I just started a new job where I'll be maxing out my 401k each year. The offerings are actually not all that bad—I can get everything except Gold, where there is virtually no option. For reference (Golden Butterfly):
- VFIAX -- Large Cap Blend
- VSIAX -- Small Cap Value
- VLGSX -- Long-Term Treasuries
- VSGDX or Cash with a 0.55% APY -- Cash -- can't decide on which is better. Thoughts?
I also have an IRA, Roth IRA, and Taxable account, all with Schwab so I've got flexibility outside of the 401k, which I'm thinking could help. Currently, I have all of my gold in the taxable account.
Right now, I'll be adding funds primarily to my 401k and I'm not sure how to spread the money when trying to achieve the balance Sophie mentioned above. I'd really like to keep it at 20% for each asset class and be done with it but the 401k doesn't have Gold.
So, here's my preliminary thought: (though it is a bit complicated and I'd love to hear what others do in similar scenarios)
- Have paychecks split automatically between non-gold assets (25% each for LCB, SCV, LTB, Cash).
- Sell enough of each of the above assets in my IRA (Schwab) to buy Gold in the IRA such that each asset had the same added amount.
For example, say I have a $1000 paycheck. $250 would go into each of the non-gold assets in the IRA. I would then sell $50 of each of those assets in the IRA and purchase $200 of Gold. So, I'd be left with each asset having increased by $200.
The math certainly works (unless I'm missing something) but it is complicated. Any other suggestions? I'm not at all wedded to having those specific assets in the 401k either and am open to suggestions about some other mix that would make more sense.
One final alternative that I thought of is to have the same setup as above in which the auto-deposit goes into my 401k split evenly between non-gold assets ($250 each using the example above) and then purchase $250 of gold in my taxable account. I'd have to see if this fits in my budget first but it's definitely the easier of the two approaches I could think of.
Re: Permanent portfolio accumulation and capital addition
Posted: Sun May 27, 2018 9:41 pm
by sophie
Nice trip down memory lane! It's good to see these old threads revived. And reminds me how much I miss PointedStick.
Anyway distefam...there are lots of threads on your specific problem, which many of us have wrestled with. I think the answer depends on what proportion of your savings is in that gold-free 401K. You'll be OK if it's less than 60% (stocks + bonds). Buy physical gold or equivalent in taxable, and use some gold ETFs in one of those other tax-advantaged accounts.
This is what a few of us were doing until 2013, when we needed to rebalance into gold. That was impossible for many of us, so I (among others) gave up trying to run a PP with such an account. I went with a standard Boglehead portfolio instead. It will get rolled into the PP eventually.
Re: Permanent portfolio accumulation and capital addition
Posted: Mon May 28, 2018 10:07 am
by distefam
Thank you for the reply, Sophie.
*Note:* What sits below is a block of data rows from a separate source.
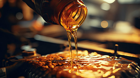Beautiful close-up of engine oil flowing in warm sunset light, capturing the rich amber color and reflective qualities of the liquid for automotive themes.
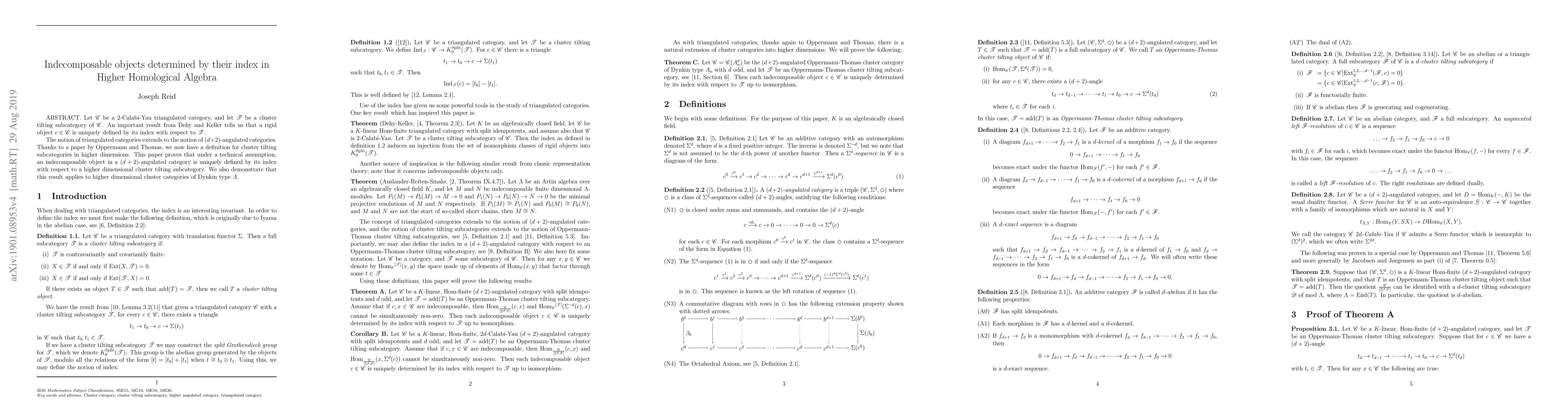 Let $\mathscr{C}$ be a 2-Calabi-Yau triangulated category, and let $\mathscr{T}$ be a cluster tilting subcategory of $\mathscr{C}$. An important result from Dehy and Keller tells us that a rigid object $c \in \mathscr{C}$ is uniquely defined by its index with respect to $\mathscr{T}$. The notion of triangulated categories extends to the notion of $(d+2)$-angulated categories. Thanks to a paper by Oppermann and Thomas, we now have a definition for cluster tilting subcategories in higher dimensions. This paper proves that under a technical assumption, an indecomposable object in a $(d+2)$-angulated category is uniquely defined by its index with respect to a higher dimensional cluster tilting subcategory. We also demonstrate an application of this result in higher dimensional cluster categories.
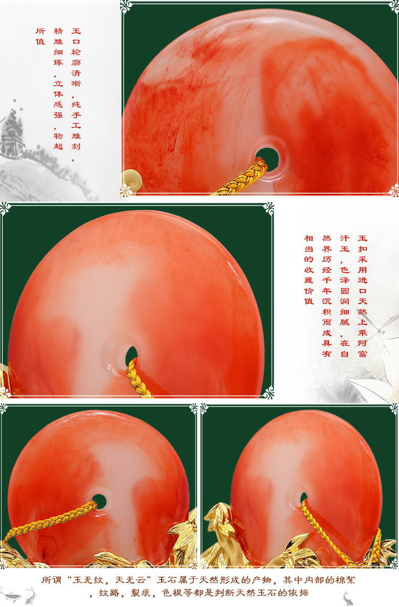 商品特点:一枚平安扣,圆圆的造型,寓意圆满幸福, 平安两字寓意明确,表达了人们朴素美好的愿望。平安扣外圈是圆的,象征着辽阔天地混沌;内圈也是圆的,象征我们内心的平宁安远。
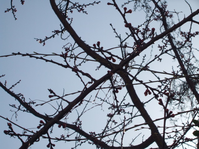 スタジオの前にある小さなお庭の梅がつぼみをつけました
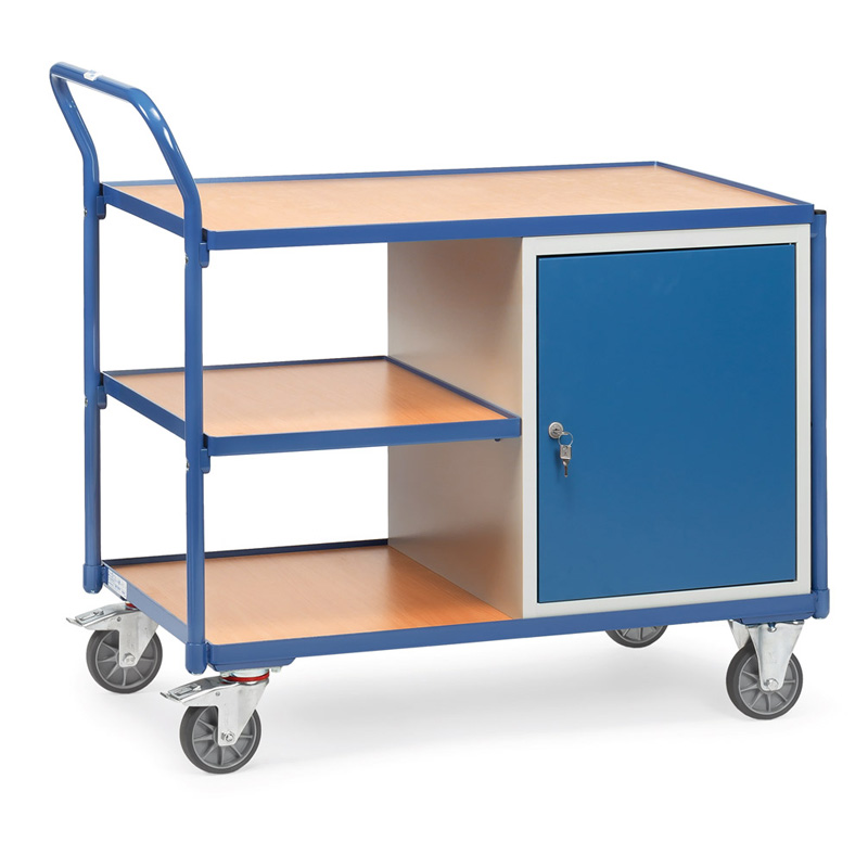 Ensemble mécano-soudé, revêtement époxy, caisson gris RAL 7035, armatures et ouvertures RAL 5007. Plateaux en bois avec 1 placard en tôle d’acier verrouillable (H X L X P : 600 x 500 x 600 mm) avec 1 étagère fixe et 2 amovibles. Charge par étagère placard : 30 kg. 2 roues pivotantes et 2 roues fixes à bandage TPE, moyeu à roulement à billes central. Freins sur roues pivotantes conformément à la Norme EN 1757-3.
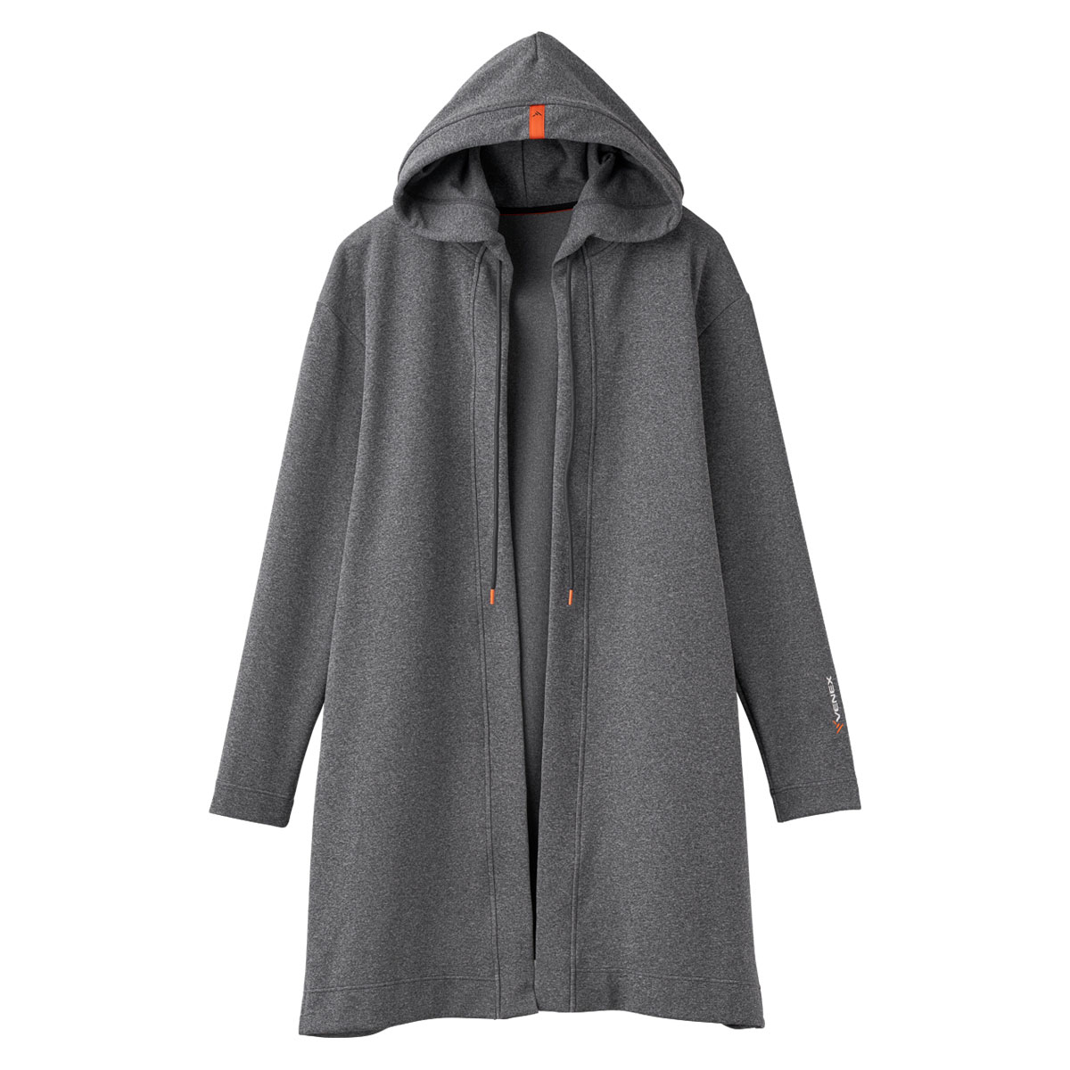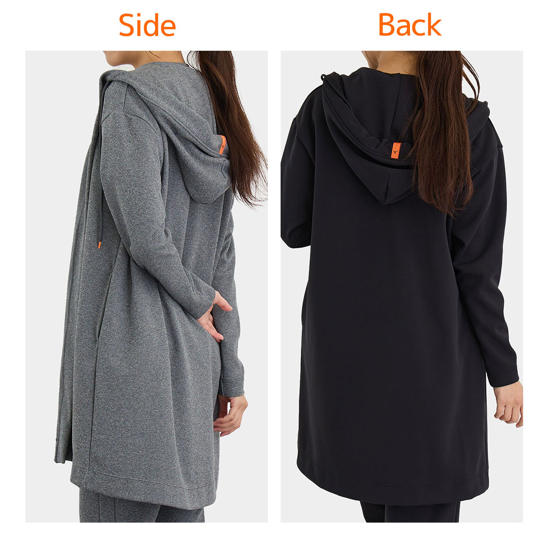 やわらかなストレッチ性ともちっとした感触でずっと包まれていたくなるような、とても心地のいいフード付きロングカーディガンです。
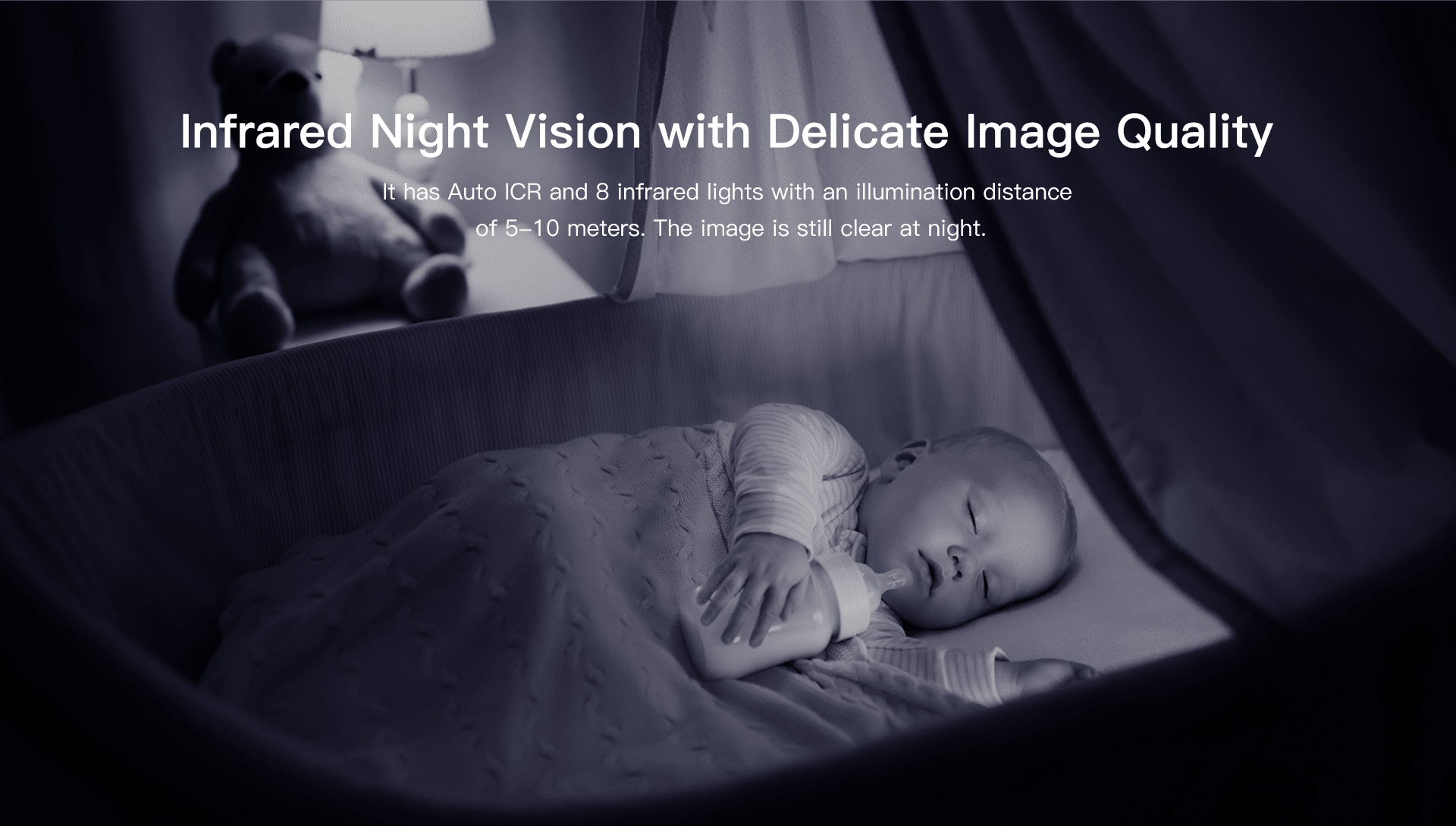 It has Auto lCR and eight infrared lights with an illumination distance of 5-10 meters. The image is still clear at night.

I'm fortunate in that the majority of my money is outside of the 401k, which shouldn't make rebalancing, even in circumstances where I need to get into all but the most significant gold hold holdings, difficult. And, most of those are in tax-deferred accounts so selling frequently in them won't be a problem.
I think what I'll do for the time being is have the 401k split between the non-gold assets, and then I'll purchase once per month gold in my taxable account for the same amount. In months where I cannot afford to do that I'll make some trades to the effect I mentioned in my last post in my tax-deferred non-401k account so that Gold was purchased in equal percentage as the other asset classes.
Now, I just have to email the 401k administrator and see how dividends are reinvested and how rebalancing in general is handled. The plan (Guideline 401k) only allows me to set percentages for each asset class and I suspect that each addition will try to balance them as much as possible but we'll see.